Grand Commander of the Sovereign Military Order of Malta

Gherardo Hercolani Fava Simonetti (born 1941) is an Italian who served as the grand commander of the Sovereign Military Order of Malta between 2009 and 2011. In this role, he acted as the religious superior for the professed knights, as well as the knights and dames in obedience.

==Biography==
Hercolani was born in Bologna, the son of Don Filippo Rinaldo Hercolani Fava Simonetti and of his wife, Donna Francesca Cangini.

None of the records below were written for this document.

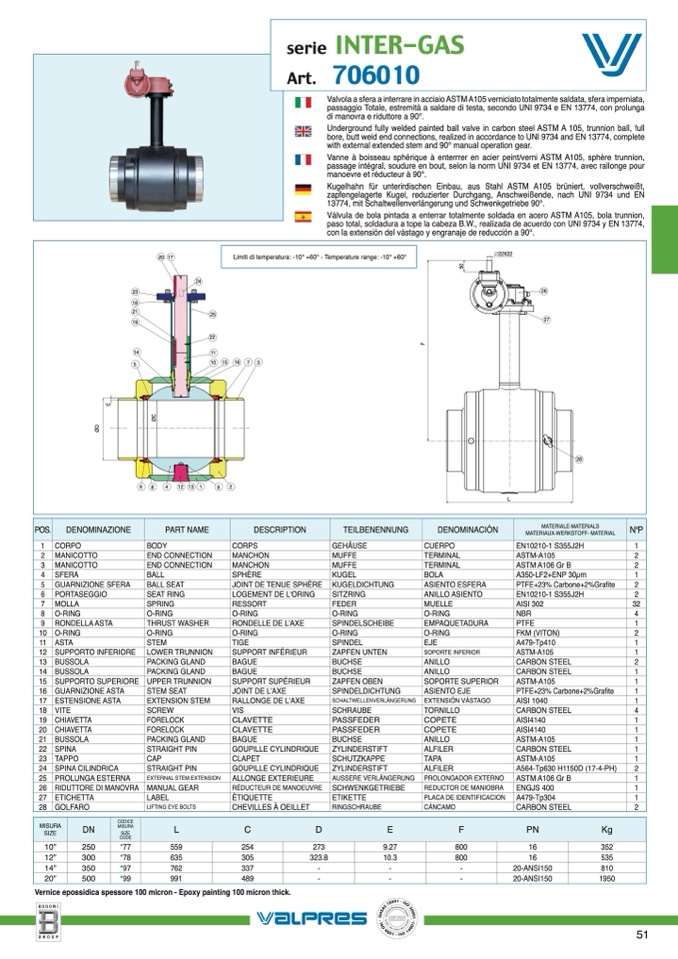 Underground fully welded painted ball valve in carbon steel ASTM A 105, trunnion ball, full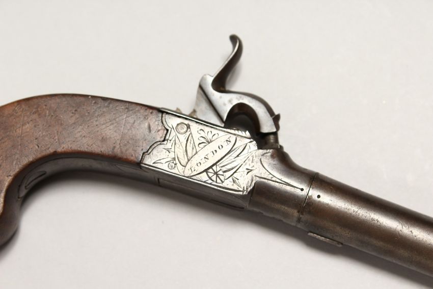 A PERCUSSION CAP PISTOL by DEAKIN, LONDON, with wooden handle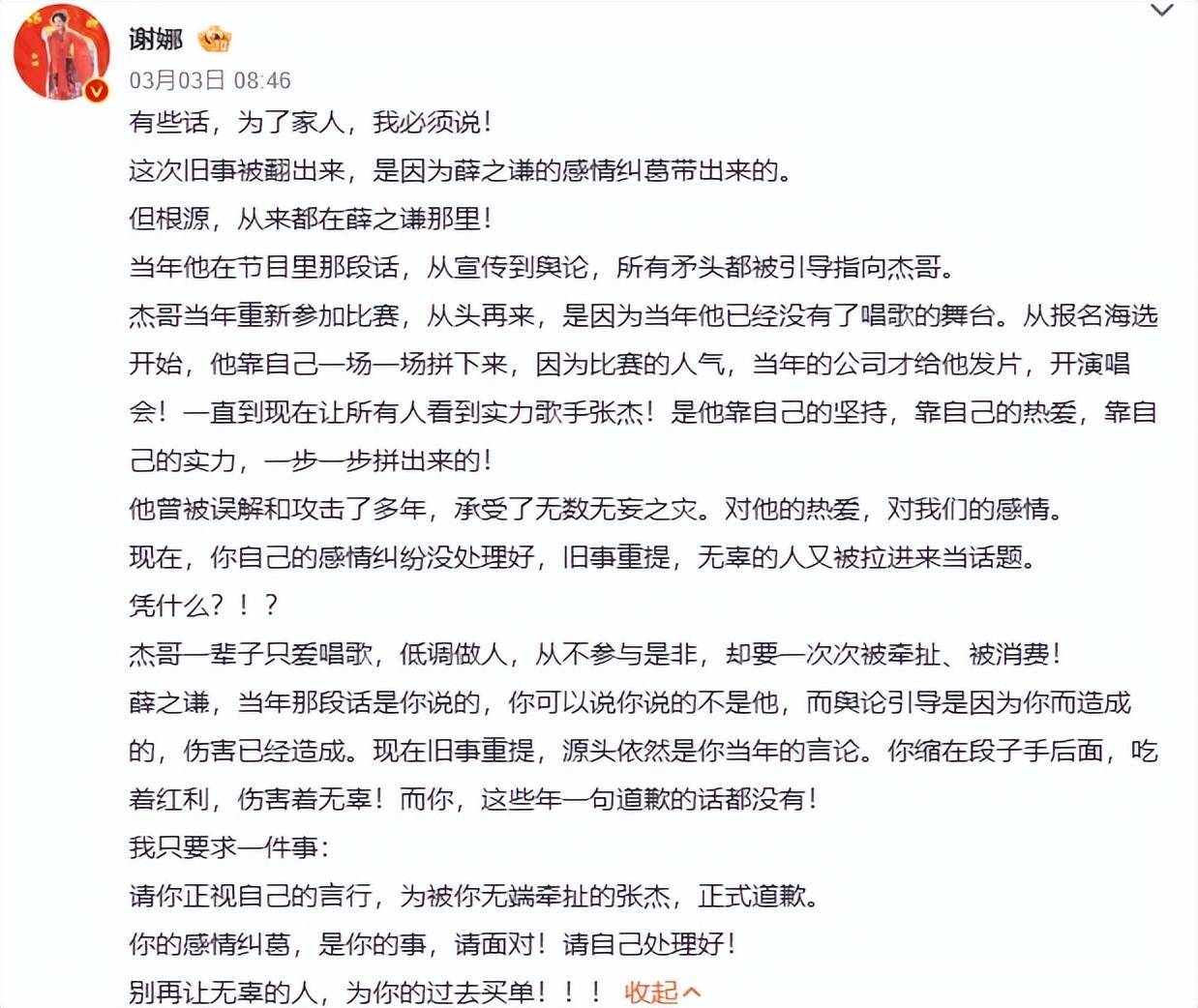 没想到谢娜随后下场,在个人账号公开喊话薛之谦,要求其向自己老公道歉。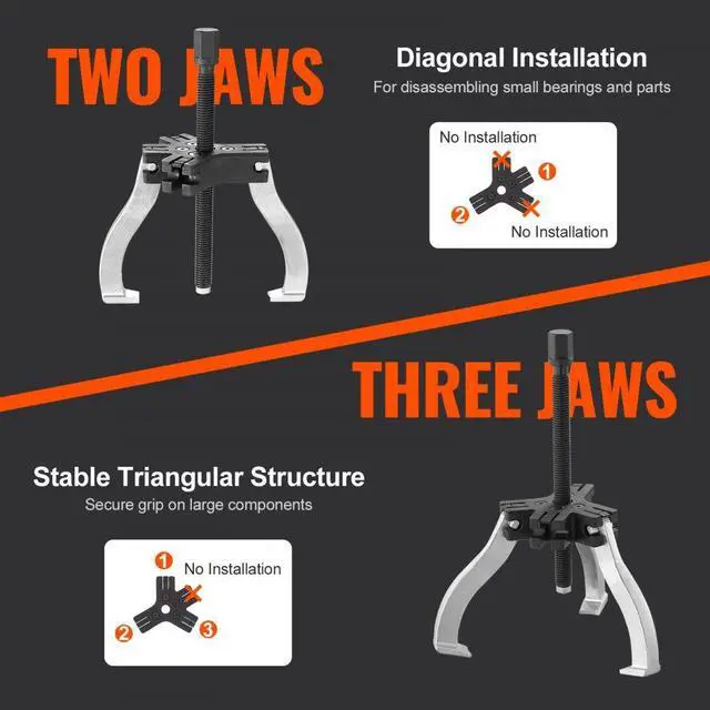 VEVOR Gear Puller Set, 3" and 7" Puller Kit, 3 Jaw Gear Bearing Flywheel Pulley Removal Tool, 2 or 3 Reversible Jaws Wheel Puller, Vertically and Horizontally, External and Internal, 2-Piece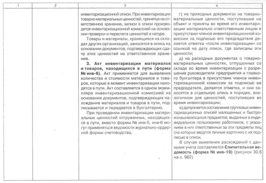 Особенности проведения инвентаризации тех или иных объектов, а также формы первичных документов, необходимые для оформления результатов инвентаризации приведены, в таблице 30.1 (см. с. 938 - 949). >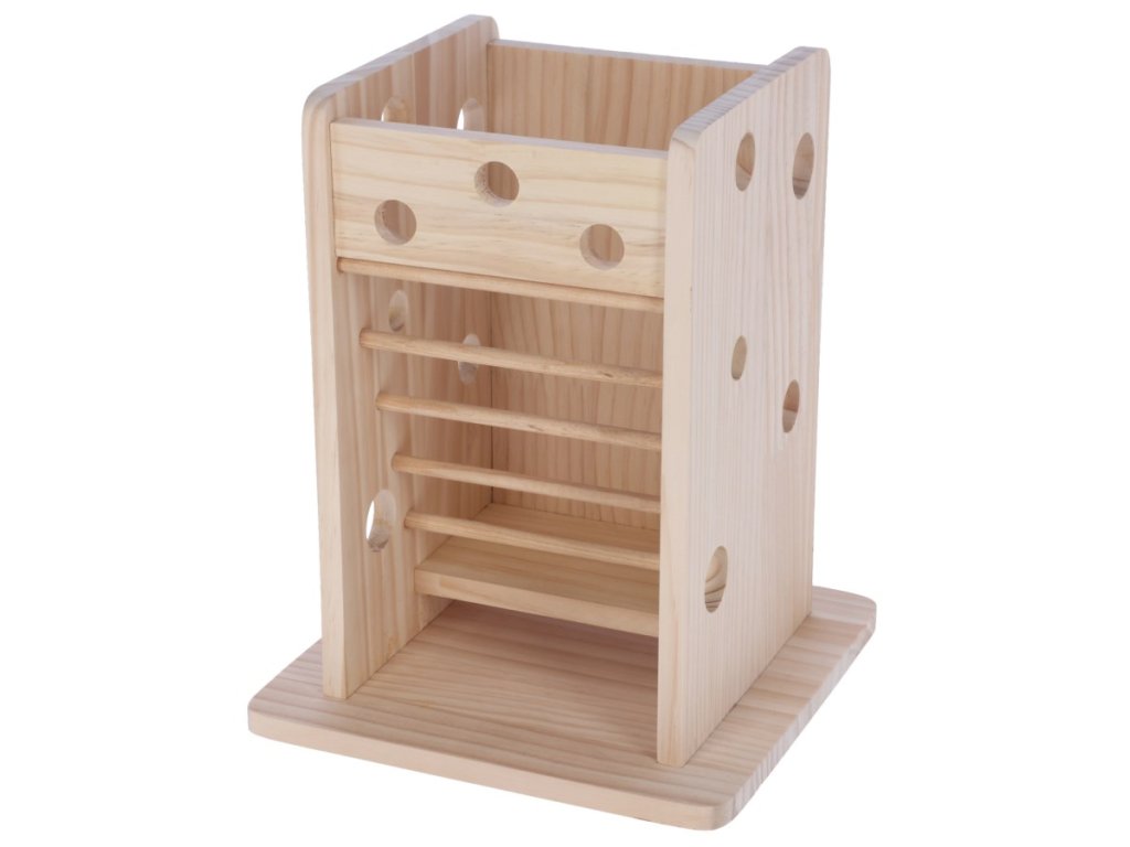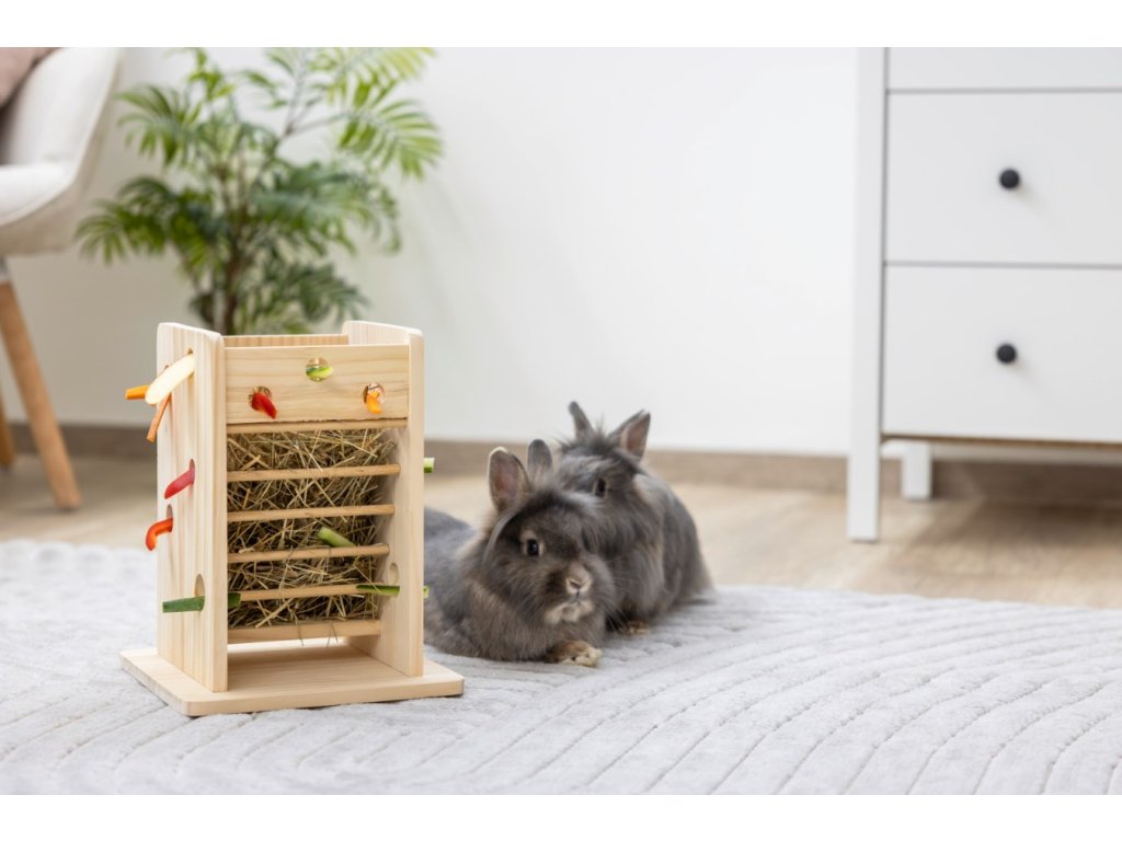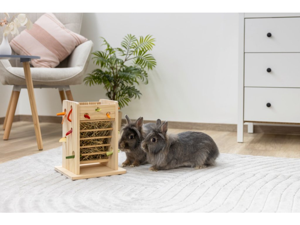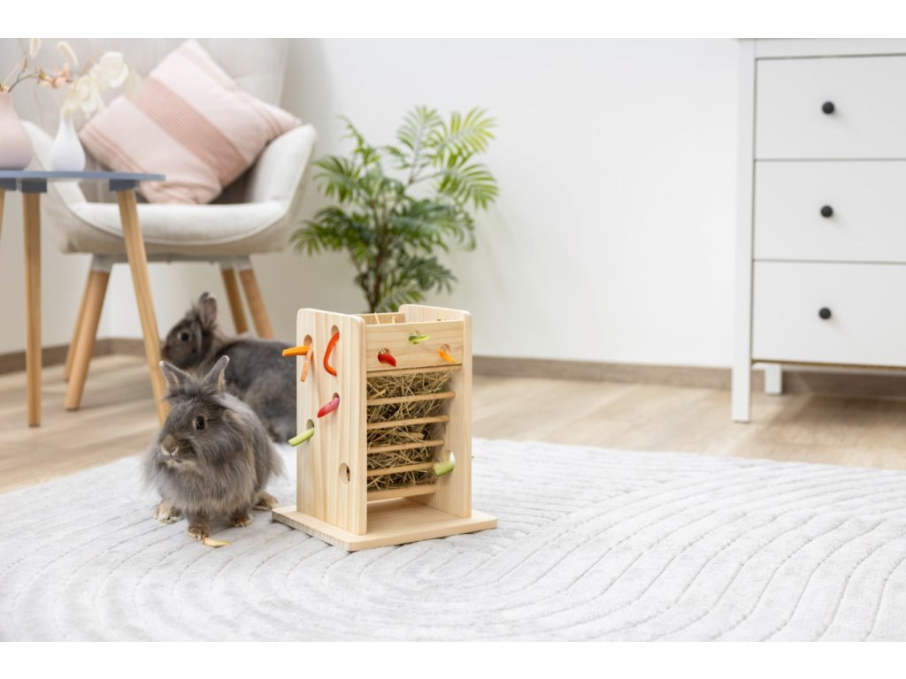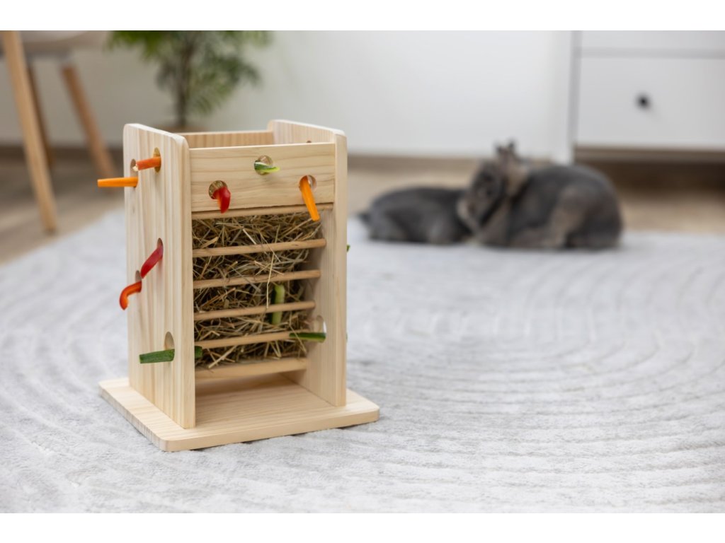 Dřevěná věž na seno a zeleninu od značky Kerbl spojuje funkčnost a přirozenou zábavu pro vaše mazlíčky. Tento 2v1 design umožňuje podávat čerstvé seno i zeleninu hygienicky, bez kontaktu s podestýlkou. Díky otvorům různých velikostí musí zvířata potravu „vydobýt“, což stimuluje jejich přirozené instinkty a zároveň podporuje zdravé trávení.

He is the grandson of Count Antonio Hercolani Fava Simonetti, who was Lieutenant Grand Master of the Order of Malta from 1951 to 1955. His grandfather married Donna Marianna Fava Ghisilieri Simonetti, a descendant of the Simonetti from Ancona (Princes of Musone).

==Order of Malta==
Hercolani joined the order in 1963 and became a Knight of Justice in 1977. He was elevated to the rank of Bailiff Grand Cross of Justice in 1986. He was the Councillor to the Sovereign Council between 1978 and 1983, the Grand Prior of Lombardy and Venetia between 1984 and 1994, a member of the Sovereign Council from 2006 to 2009, and also the President of the Order's Pilgrimages from 2007 to 2009.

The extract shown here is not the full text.